I came within inches of jumping in my car, driving down and surprising my sister and her family today, but in the end I stood outside my car, bags already in the back, keys in hand, and decided that I should stay for a number of reasons I just couldn't get out of my head. I'm disappointed I'm not there, but I've done some things today that made me feel better (well, not really feel better about not being there) but at least made me forget it for a while.

I woke up this morning with a quote in my head. I heard it years ago and love it, but for some reason this morning, it was just under the surface of every thought.

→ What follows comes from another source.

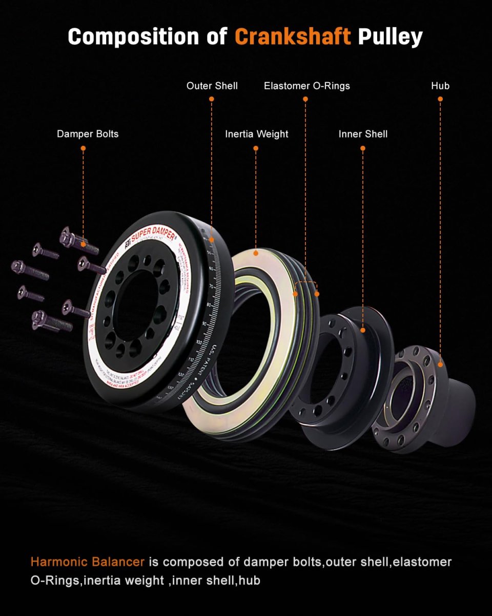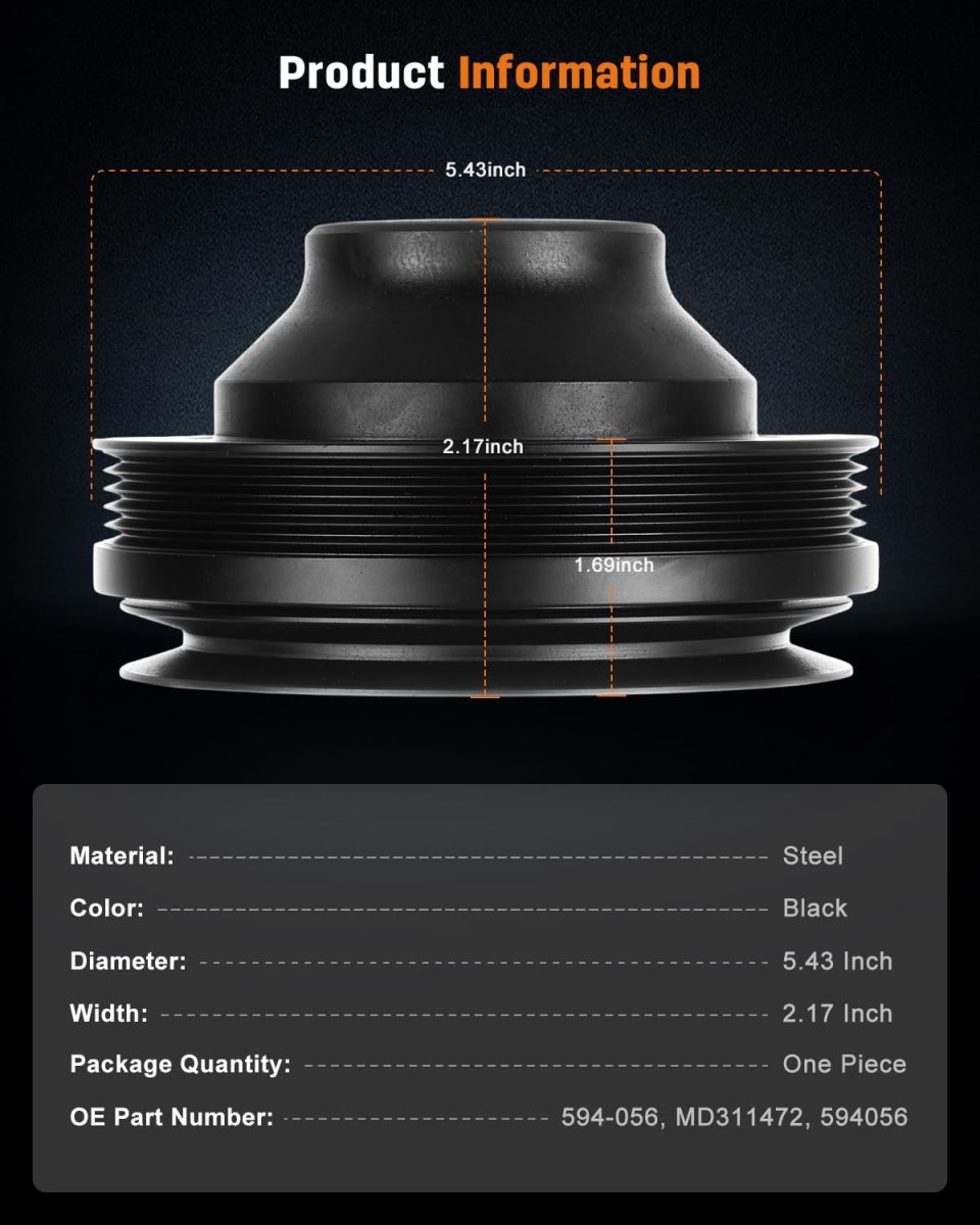 Compatible For Mitsubishi Model:1997-2003 For Mitsubishi Montero Sport V6 3.0L,1999-2004 For Mitsubishi Montero Sport V6 3.5L,1995-1996 For Mitsubishi Montero V6 3.0L,1994-2000 For Mitsubishi Montero V6 3.5L. Replace OE Numbers:594-056, MD311472, 594056;Mounting Hole Quantity: 1;Diameter:5.43 Inches;Width:2.17 Inches. Premium Construction:Our Harmonic Balancer Pulley meets TS16949 standards, using ductile steel and high-grade rubber for superior durability under extreme conditions.. Vibration Reduction:The Engine Harmonic Balancer features rubber-bonded steel construction that effectively dampens engine vibrations for smoother operation and reduced wear..Other fine products
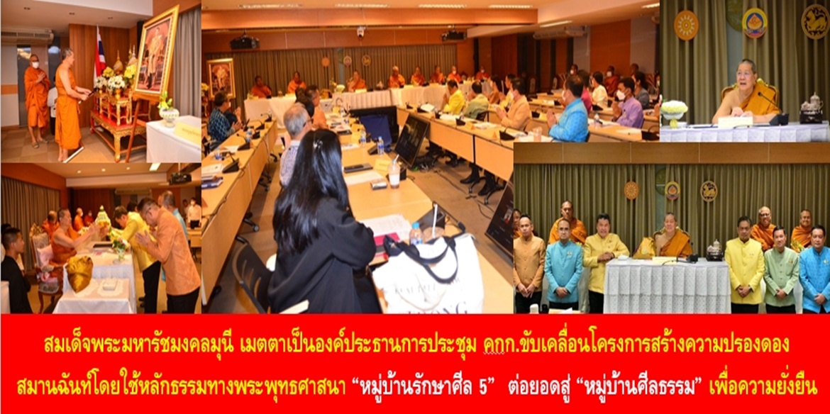 นายสุทธิพงษ์ฯ กล่าวต่ออีกว่า หลักสำคัญของการประชุมฯ ในครั้งนี้ คือการที่จะทำอย่างไรให้ทุกหมู่บ้านที่ไม่ว่าจะนับถือศาสนาอะไรได้รับประโยชน์จากการขับเคลื่อนของทุกภาคส่วน โดยทางกระทรวงมหาดไทย ได้ออกคำสั่งกระทรวงมหาดไทย ที่ 2145/2566 เรื่อง แต่งตั้งคณะกรรมการอำนวยการ โครงการสร้างความปรองดองสมานฉันท์ โดยใช้หลักธรรมทางพระพุทธศาสนา “หมู่บ้านรักษาศีล 5” และคำสั่งกระทรวงมหาดไทย ที่ 2146/2566 เรื่อง แต่งตั้งคณะกรรมการขับเคลื่อน โครงการสร้างความปรองดองสมานฉันท์ โดยใช้หลักธรรมทางพระพุทธศาสนา “หมู่บ้านรักษาศีล 5 ” โดยมีแนวทางการขับเคลื่อน บูรณาการการดำเนินงานโครงการสร้างความปรองดองสมานฉันท์ โดยใช้หลักธรรมทางพระพุทธศาสนา “หมู่บ้านรักษาศีล 5” ร่วมกับโครงการของกระทรวงมหาดไทยที่ดำเนินการในระดับพื้นที่ เช่น โครงการหนึ่งตำบล หนึ่งหมู่บ้านยั่งยืน (Sustainable Village) เพื่อเฉลิมพระเกียรติ สมเด็จพระเจ้าลูกเธอ เจ้าฟ้าสิริวัณณวรี นารีรัตนราชกัญญา ของกรมการปกครอง โครงการหมู่บ้านเศรษฐกิจพอเพียง โครงการหมู่บ้านแผ่นดินธรรม แผ่นดินทอง (หมู่บ้านอยู่เย็น) ของกรมการพัฒนาชุมชน พร้อมแนวทางการสร้างความมั่นคงทางอาหาร เช่น “บ้านนี้มีรักปลูกผักกินเอง” และ “ทางมีผลผู้คนรักกัน” ตามแนวพระราชดำริของสมเด็จพระกนิษฐาธิราชเจ้า กรมสมเด็จพระเทพรัตนราชสุดา ฯ สยามบรมราชกุมารี สู่ปฏิบัติการปลูกผักสวนครัว เพื่อสร้างความมั่นคงทางอาหาร การทำขยะเปียกลดโลกร้อน การจัดการขยะหมู่บ้าน/ชุมชน และสุดท้ายความมั่นคงปลอดภัย (หมู่บ้าน/ชุมชน) เพื่อร่วมกันแก้ปัญหายาเสพติดในหมู่บ้าน/ชุมชนอย่างยั่งยืน

"I said in my heart, 'I am sick of four walls and a ceiling. I have need of the sky, I have business with the grass; I will up and get me away where the hawk is wheeling lone and high, And the slow clouds go by. I will get me away to the waters that glass the clouds as they pass. I will get me away to the woods." - Richard Hovey

So when I had decided that "getting me away to the woods" wouldn't mean taking off to the south for a few days, I put on my hiking shoes and struck out across the farm. I had never explored the second half of the farm and so I walked the width of it and then jumped the fence into the river valley woods. Edmonton's river valley is about 21 times larger that NYC's central park and I feel like I've seen very little of it. There are some great walking and bike paths but today I didn't feel like running into anyone on the trail. For a while I followed some snowshoe tracks until I came to an old, fenced off footbridge. I follows its support pillars down to the river bed where I wove in and out of mud, snow, trees and bushes. There was these two tiny little birds that followed me for about 30 minutes. Flitting from branch to branch ahead of me as if to show me the way. I've never thought of birds as being curious creatures, but these two seemed to really enjoy the entertainment of my plodding through their space. I followed the river (vaguely) until I ended up near Fort Edmonton and could hear the whizzing of cars along Fox Drive. I then made my way into Whitemud Park where there were about 50 kids tobogganing down the hill and I tried to watch them without looking creepy as I climbed the 100 steps to the top of the valley. When I made it all the way up, I realized the trail ran right along the road and, feeling the need to disconnect with the world of pavement and people, I plunged back down the hill towards the river again. Before I knew it, I had lost any trace of tracks or human activity. Eventually I came to a point where I had to climb up the face of this steep hill or turn back. By this time though, it would have been just as difficult to climb as it would have been to go back the way I'd come, so I strapped my camera to me as securely as I could and started up. For the next 45 minutes, I hugged that hill as closely as I could while I tried to find footholds in the knee deep snow. When I reached the halfway point I looked back down and realized that it had been much steeper than I had first imagined, but eventually I made it to the top where I leaned my back against the trees, panting and sweating with mud and snow all over my hands and face. And as I stood there catching my breath, I thought about how alive I felt and how much I love that moment where beauty and the supernatural and self awareness all collide.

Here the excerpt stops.